I need to bulk upload a large amount of data (about 7,000,000 records) to a PostgreSQL database using libpqxx . I read the documentation on how to populate the database , but I'm not sure how to use it in my case. At first I can’t use the files, so COPY in the database is out of the question. In addition, the database and the table that I load should function while I import.
The scenario is as follows: we get a file with all the data (including existing records) from another application at regular intervals (about once a month). Due to the number of records, it is simply impossible to check each record for existence, and we just do a bulk insert of new data (after preliminary processing).

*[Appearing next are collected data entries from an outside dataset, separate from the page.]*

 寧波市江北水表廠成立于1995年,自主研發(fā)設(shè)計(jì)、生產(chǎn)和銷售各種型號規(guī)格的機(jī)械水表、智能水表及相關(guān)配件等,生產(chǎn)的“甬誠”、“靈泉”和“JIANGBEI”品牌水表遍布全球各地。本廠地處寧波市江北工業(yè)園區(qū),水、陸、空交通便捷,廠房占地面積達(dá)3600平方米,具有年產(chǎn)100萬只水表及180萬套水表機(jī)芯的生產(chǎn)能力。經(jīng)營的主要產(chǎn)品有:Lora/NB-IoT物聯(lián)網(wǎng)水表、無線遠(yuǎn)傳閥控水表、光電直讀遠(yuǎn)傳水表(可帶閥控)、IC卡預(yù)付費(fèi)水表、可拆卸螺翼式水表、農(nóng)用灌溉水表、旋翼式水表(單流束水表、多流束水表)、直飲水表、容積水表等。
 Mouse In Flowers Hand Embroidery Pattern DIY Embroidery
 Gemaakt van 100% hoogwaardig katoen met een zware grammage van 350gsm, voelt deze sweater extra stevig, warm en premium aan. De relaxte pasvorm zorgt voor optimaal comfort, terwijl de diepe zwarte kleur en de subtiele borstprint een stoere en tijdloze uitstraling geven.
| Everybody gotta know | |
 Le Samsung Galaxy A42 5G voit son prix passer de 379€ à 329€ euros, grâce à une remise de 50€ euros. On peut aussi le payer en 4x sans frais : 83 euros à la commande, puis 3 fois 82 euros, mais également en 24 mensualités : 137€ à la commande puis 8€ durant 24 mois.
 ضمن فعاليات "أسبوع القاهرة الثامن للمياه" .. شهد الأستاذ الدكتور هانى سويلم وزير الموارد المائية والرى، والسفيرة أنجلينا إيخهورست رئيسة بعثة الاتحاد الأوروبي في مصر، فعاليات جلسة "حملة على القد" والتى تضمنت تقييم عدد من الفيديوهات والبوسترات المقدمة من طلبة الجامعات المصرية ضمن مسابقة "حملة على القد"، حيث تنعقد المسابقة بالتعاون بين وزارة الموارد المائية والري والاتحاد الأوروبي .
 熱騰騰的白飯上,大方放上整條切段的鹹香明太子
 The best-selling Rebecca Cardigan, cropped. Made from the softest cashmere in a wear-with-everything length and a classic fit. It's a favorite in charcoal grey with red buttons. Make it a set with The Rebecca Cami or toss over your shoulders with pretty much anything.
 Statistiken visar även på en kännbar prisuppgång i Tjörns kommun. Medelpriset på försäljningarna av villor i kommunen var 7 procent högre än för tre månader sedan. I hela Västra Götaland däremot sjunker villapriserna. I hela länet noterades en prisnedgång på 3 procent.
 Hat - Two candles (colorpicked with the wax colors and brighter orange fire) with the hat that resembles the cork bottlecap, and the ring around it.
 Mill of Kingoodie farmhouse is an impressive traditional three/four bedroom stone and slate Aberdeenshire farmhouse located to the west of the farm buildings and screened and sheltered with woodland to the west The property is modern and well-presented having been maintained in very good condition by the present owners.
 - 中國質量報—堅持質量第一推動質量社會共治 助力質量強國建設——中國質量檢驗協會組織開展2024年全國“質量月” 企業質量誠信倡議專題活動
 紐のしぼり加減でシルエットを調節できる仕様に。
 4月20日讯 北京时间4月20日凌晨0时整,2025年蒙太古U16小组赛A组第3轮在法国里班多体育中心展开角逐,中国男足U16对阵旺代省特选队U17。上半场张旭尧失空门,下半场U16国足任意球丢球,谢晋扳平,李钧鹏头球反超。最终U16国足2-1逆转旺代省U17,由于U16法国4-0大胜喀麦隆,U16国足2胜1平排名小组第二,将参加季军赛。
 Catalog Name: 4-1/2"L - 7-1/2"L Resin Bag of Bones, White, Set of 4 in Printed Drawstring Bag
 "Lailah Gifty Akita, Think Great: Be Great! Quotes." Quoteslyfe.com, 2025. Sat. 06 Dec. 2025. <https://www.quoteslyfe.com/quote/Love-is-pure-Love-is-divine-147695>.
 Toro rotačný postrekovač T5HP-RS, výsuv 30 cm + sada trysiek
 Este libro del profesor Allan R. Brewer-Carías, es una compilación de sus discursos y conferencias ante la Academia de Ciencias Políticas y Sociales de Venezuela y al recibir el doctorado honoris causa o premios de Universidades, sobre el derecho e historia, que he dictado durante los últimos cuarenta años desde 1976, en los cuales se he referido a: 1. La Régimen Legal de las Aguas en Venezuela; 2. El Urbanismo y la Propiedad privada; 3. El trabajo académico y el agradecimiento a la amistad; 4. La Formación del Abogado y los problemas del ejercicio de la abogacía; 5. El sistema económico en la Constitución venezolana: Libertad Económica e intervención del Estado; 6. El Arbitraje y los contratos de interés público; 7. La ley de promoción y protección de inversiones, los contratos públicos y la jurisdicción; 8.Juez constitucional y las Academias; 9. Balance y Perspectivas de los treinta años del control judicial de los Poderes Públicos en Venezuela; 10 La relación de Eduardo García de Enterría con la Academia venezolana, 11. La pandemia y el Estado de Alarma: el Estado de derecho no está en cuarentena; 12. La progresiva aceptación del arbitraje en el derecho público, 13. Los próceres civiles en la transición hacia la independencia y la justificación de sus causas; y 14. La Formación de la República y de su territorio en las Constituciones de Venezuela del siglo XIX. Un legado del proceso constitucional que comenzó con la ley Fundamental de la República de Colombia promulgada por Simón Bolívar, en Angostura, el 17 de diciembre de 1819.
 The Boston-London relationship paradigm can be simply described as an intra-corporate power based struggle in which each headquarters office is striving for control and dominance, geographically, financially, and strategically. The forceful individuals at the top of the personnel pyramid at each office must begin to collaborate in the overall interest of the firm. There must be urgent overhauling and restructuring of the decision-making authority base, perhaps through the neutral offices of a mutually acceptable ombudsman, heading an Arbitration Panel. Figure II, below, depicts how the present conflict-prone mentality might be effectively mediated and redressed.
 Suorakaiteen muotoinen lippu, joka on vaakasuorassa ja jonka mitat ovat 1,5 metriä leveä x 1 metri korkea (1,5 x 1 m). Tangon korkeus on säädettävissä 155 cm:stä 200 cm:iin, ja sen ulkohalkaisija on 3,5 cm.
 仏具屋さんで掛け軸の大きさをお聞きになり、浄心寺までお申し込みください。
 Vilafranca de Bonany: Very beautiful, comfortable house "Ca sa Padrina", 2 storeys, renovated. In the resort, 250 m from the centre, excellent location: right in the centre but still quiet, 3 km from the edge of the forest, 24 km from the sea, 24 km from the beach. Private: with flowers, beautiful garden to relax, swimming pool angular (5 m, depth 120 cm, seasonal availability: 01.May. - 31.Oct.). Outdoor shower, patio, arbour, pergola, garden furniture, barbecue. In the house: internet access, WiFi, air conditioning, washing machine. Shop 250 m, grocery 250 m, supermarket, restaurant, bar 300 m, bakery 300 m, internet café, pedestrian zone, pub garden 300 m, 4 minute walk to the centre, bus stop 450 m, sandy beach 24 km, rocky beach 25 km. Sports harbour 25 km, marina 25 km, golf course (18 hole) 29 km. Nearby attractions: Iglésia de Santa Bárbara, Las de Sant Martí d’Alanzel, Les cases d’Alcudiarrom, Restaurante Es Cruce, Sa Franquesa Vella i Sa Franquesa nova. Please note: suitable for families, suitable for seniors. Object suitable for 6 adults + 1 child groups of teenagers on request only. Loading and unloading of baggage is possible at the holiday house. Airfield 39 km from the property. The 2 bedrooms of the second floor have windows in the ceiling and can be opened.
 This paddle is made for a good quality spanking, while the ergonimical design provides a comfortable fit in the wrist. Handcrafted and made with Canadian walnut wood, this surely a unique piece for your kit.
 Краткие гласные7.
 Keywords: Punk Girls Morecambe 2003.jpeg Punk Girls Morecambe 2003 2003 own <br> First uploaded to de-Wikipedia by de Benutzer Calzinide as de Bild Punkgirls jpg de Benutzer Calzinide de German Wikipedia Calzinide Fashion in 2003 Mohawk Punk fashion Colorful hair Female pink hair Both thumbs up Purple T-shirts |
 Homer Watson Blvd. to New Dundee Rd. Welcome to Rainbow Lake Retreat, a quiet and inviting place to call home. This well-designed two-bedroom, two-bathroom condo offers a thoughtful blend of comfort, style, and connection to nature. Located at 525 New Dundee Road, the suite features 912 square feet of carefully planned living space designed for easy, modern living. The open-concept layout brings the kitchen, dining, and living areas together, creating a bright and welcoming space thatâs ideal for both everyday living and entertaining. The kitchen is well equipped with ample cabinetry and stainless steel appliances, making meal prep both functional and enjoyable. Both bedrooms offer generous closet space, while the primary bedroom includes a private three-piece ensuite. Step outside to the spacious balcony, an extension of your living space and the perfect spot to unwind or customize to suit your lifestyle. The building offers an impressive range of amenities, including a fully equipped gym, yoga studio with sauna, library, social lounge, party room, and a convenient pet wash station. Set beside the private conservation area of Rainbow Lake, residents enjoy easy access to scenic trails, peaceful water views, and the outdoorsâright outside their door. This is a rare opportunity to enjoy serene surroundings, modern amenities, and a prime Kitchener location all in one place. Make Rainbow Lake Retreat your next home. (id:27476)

Currently, for this, I create a new table, insert data using the tablewriter from libpqxx (without a transaction), and then in the transaction I rename the old table and the new table to the right place.
We also need to not only do this for one table, but also for several tables with different locations. So I tried to separate the table entry from the date parsing. Now I just need to separate the table creation. For this I use
create temporary table foo_temp (like foo including indexes including defaults including constraints );
This way I get a table similar to foo, and I don’t really need to know the layout in the place where I am writing. However, this leaves me with the problem that this will lead to the creation of a table with indexes, and the limitations and guidance above say that indexes will make bulk insert slow. However, if I discard indexes and constraints (or do not copy them first), I need a way to recreate them in the same estate that they set for the original table.
Any good tips on how to handle this quickly?
EDIT:
Companion: while playing with the database, I just noticed that the CREATE TABLEabove will not copy any foreign key restrictions, so I also need to manually specify them. Or is there a way to deal with them along with all the other restrictions?